Les narrations décalées de Robert Varlez
Séquences propose une rétrospective majeure du travail de Robert Varlez. Travail expérimental dû à la conception radicale de l’approche du graphisme. Cette œuvre crée un lien autant entre le desssin “pur”, la B.D. et le cinéma (en noir et blanc) qu’entre une forme de concept art et de minimalisme. Une telle recherche formelle est poussée à l’extrême et ce, non sans humour. Elle est marquée par l’expression de l’instabilité en intègrant les notions de changement et de disparition.

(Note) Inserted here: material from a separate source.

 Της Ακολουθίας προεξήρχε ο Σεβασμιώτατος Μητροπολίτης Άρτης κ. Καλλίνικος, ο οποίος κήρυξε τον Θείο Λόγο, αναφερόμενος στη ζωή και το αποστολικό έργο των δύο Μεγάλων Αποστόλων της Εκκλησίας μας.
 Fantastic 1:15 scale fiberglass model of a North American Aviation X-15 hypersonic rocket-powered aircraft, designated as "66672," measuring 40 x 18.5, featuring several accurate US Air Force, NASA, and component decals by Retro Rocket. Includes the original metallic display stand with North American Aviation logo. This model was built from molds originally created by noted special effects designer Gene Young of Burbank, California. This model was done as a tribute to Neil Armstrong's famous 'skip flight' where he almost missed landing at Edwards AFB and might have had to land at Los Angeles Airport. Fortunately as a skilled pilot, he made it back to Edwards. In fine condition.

Par un langage aux formes très spécifiques et immédiatement reconnaissables, le dessin possède une puissance aussi intime que fragile dans lequel tout l’humain profondément humain est soumis au régime de l’intangible et du provisoire. Se dégageant d’un simple effet de réel par une procédure de déstabilisation, l’œuvre déroute tant elle éloigne des perceptions qu’on prend pour immuables.

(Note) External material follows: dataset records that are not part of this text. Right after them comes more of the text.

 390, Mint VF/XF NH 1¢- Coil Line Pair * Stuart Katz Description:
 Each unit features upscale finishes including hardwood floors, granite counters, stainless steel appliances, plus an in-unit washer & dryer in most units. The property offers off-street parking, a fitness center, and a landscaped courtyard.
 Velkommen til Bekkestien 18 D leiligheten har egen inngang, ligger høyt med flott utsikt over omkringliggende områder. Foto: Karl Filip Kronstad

Robert Varlez inscrit une perversion du fonctionnement du plan et de la séquence. Le premier suggère la disparition en cours de ses éléments et crée une fausse bonne vision. L’image n’est plus une vignette solide et fixe. Et en ce sens, le créateur belge annonçait dès les années 70 un art qui prend de plus en plus d’importance aujourd’hui. L’artiste ne se voulait pas tel un ultime créateur de formes même si ses œuvres, au coeur de leur fragilité, conservent une puissance inégalée. Il trouve toujours les interstices pour des métamorphoses en actes afin d’entrer en symbiose avec la lumière comme avec l’ombre la plus profonde.

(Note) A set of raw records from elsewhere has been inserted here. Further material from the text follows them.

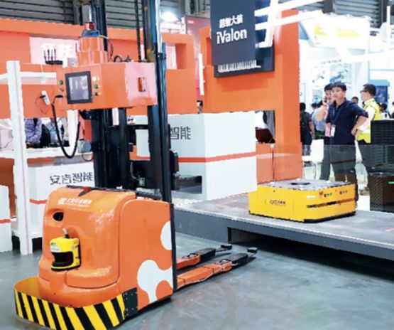 在本次展会上,井松科技带来了全向前移式堆高AGV和托盘式堆高车AGV两款新产品。全向前移式堆高AGV是井松科技拥有专利产品技术的一款车型,全自由360度方向运动,可使车辆在狭窄巷道内转向,提高货架的空间布置密度;最大举升高度12米,满足普通高位仓库使用要求。其与其它同类产品最大的区别在于,当AGV举升到最大高度时并不需要降低载重,速度可达2m/s,停止精度可达±1cm。托盘式堆高车AGV的特点是,采用激光、视觉、二维码等导航方式,实现4米以下高度物体搬运需求。井松科技总经理姚志坚表示,井松科技在做好项目、服务好客户的同时,还将不遗余力地致力于技术创新和产品研发,为中国物流装备行业发展添砖加瓦。
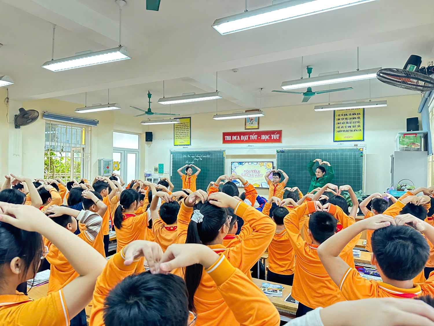Mở đầu tiết học, học sinh đã hòa mình vào hoạt động múa và hát bài “Tôi yêu sách hay”. Tiết mục vừa mang tính giải trí, vừa tạo tâm thế thoải mái, hứng khởi cho các em trước khi bước vào bài học. Giai điệu vui nhộn cùng những động tác đơn giản giúp lớp học trở nên gần gũi, thân thiện và tạo cảm xúc tích cực thúc đẩy tinh thần học tập.
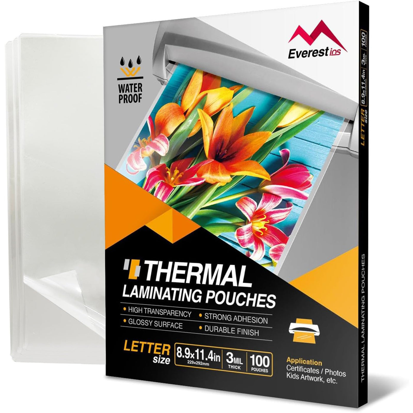 Everest Thermal Laminating Sheets, 8.9 X 11.4 Inches, 3 Mil Thick(80 Mic), 100 Pack, Letter Size Laminating Pouches, For Educati
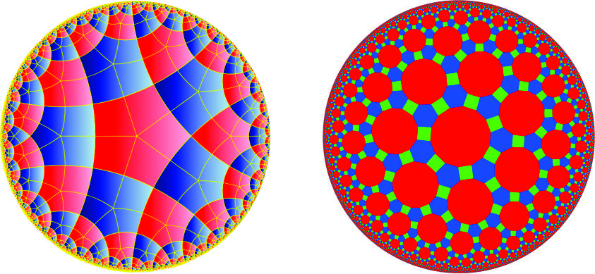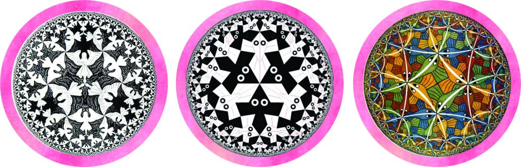 Escher experimento en diferentes formas las teselaciones hasta llegar a lo que llamaríamos efecto Poncairé.
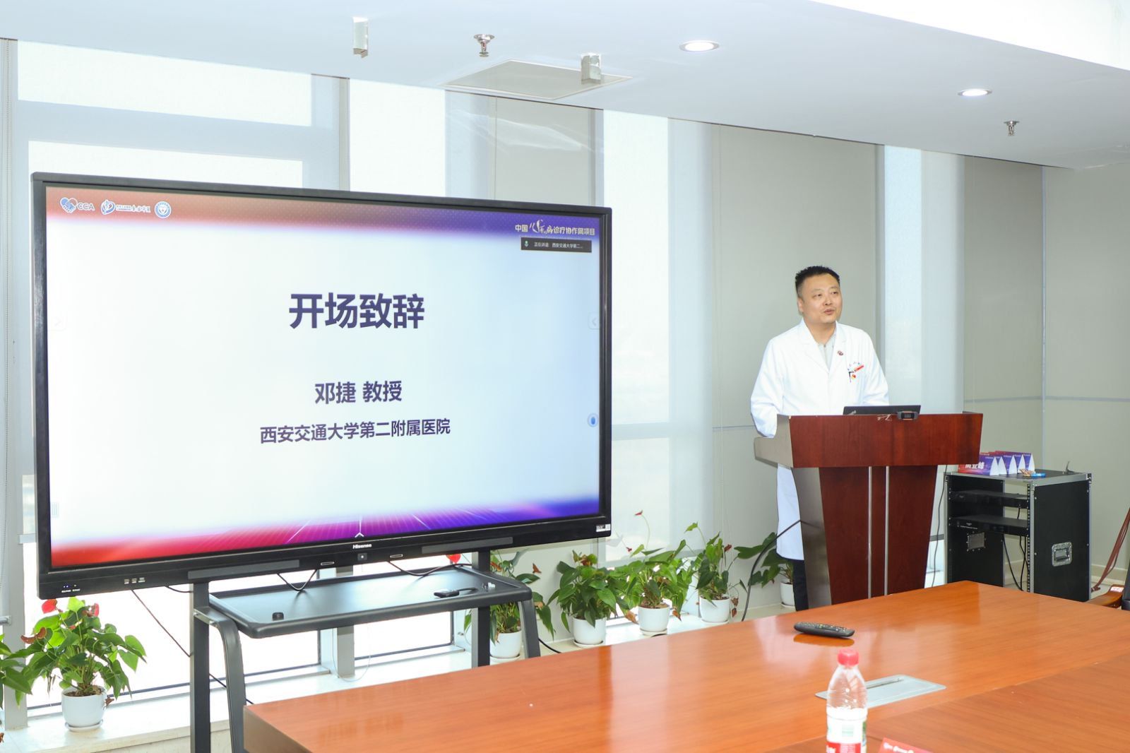 随后,来自上海交通大学医学院附属瑞金医院的金玮教授作为特邀专家线上致辞。金教授高度评价了我院成立协作网的积极意义,并指出这完全契合国家“心肌病诊疗规范提升项目”的核心精神。她强调,该项目的目标正是通过系统化培训与平台搭建,全面提升临床医生对心肌病的精准识别与规范化诊疗能力。她期待我院能凭借扎实的多学科合作基础,在心肌病诊疗领域探索出卓有成效的“交大二院模式”,并预祝协作网取得丰硕成果。
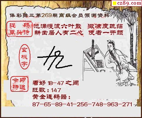 鸿运当头双胆报号269期体彩P3图谜
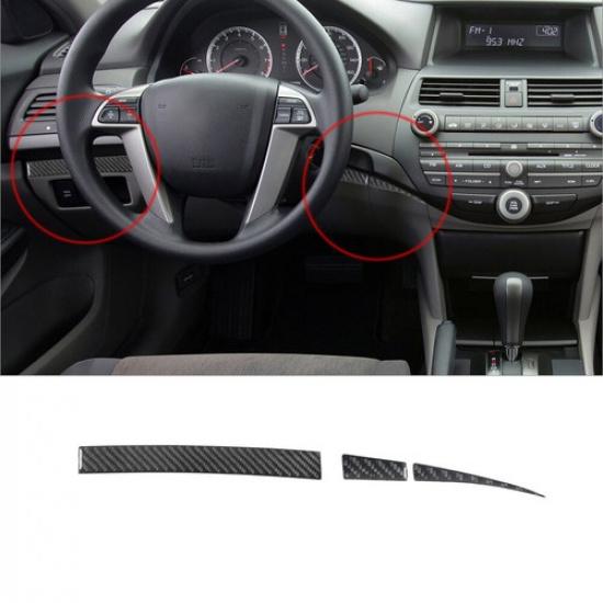 3Pcs For Honda Accord 2008-12 Carbon Fiber Interior Driver Dashboard Cover Trim
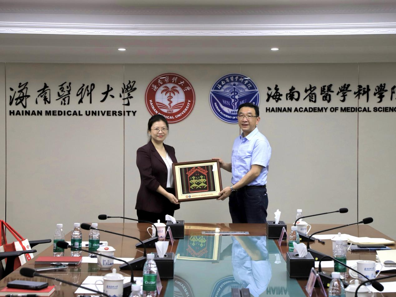 在海南医科大学,于涛一行参观了校史馆,了解学校发展历程及医学教育特色。座谈会上,海南医科大学副校长曾敏以“有发生,必有发展”为题,介绍了学校在管理体制、教育教学、科技体制、人才体制等方面的改革举措与成效。于涛说明了此次调研背景及南华大学基本情况,教务部部长彭国文重点介绍了学校本科教育教学现状与改革方向。双方围绕专业动态调整机制、课程改革、以学生为中心的课堂教学改革等议题展开热烈讨论。海南医科大学教务处处长李其富等就相关问题予以回应,分享了该校在教学改革、专业调整、课程建设等方面的实践经验。会后,曾敏代表海南医科大学向南华大学赠送黎锦文创纪念品,双方表示将在医学教育资源共享、师资培养等方面加强合作。
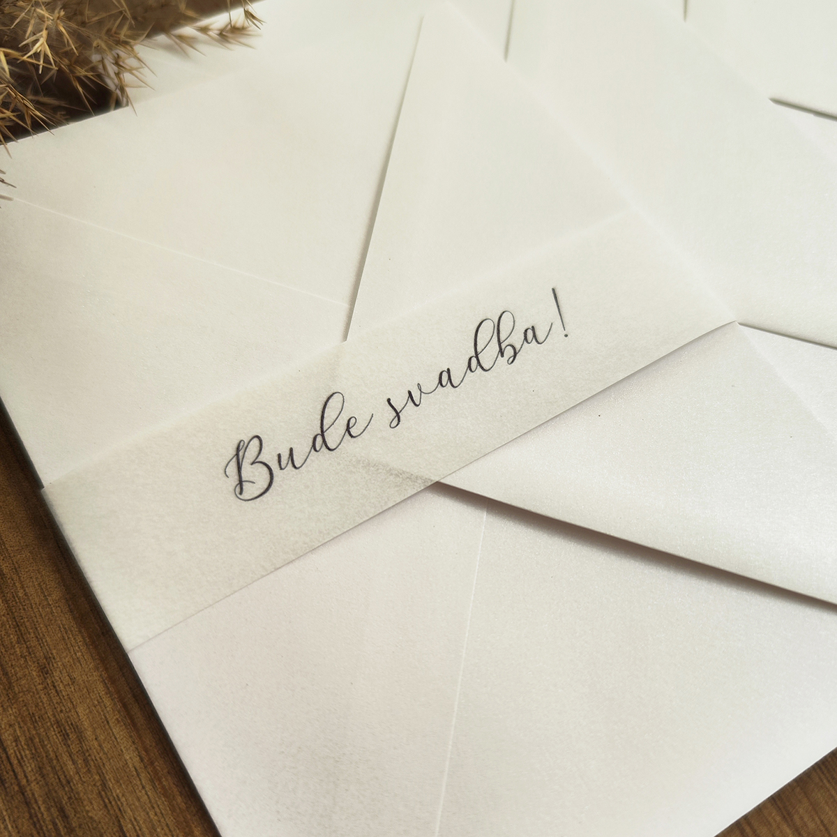 Pásik na obálku vyrobený z pauzovacieho papiera s čiernym textom. Pásik je dodávaný v rozloženom stave. Vy si ho doma zložíte a zlepíte podľa veľkosti obálky.

A travers les formes conçues pour les souligner, celles-ci jouent à cache-cache non en un pur rapport formel mais de sens. Objets et personnages sont rattrapés par l’ombre comme ils sont trempés de lumière. Il convient d’accepter cette pluie nourricière puisqu’elle est substance et nudité. Mais aussi mouvement au sein même de la fixité.
jean-paul gavard-perret
Robert Varlez, Séquences, Editions The Hoochie Coochie, Belgique, 2013, non paginé, 15,00 €.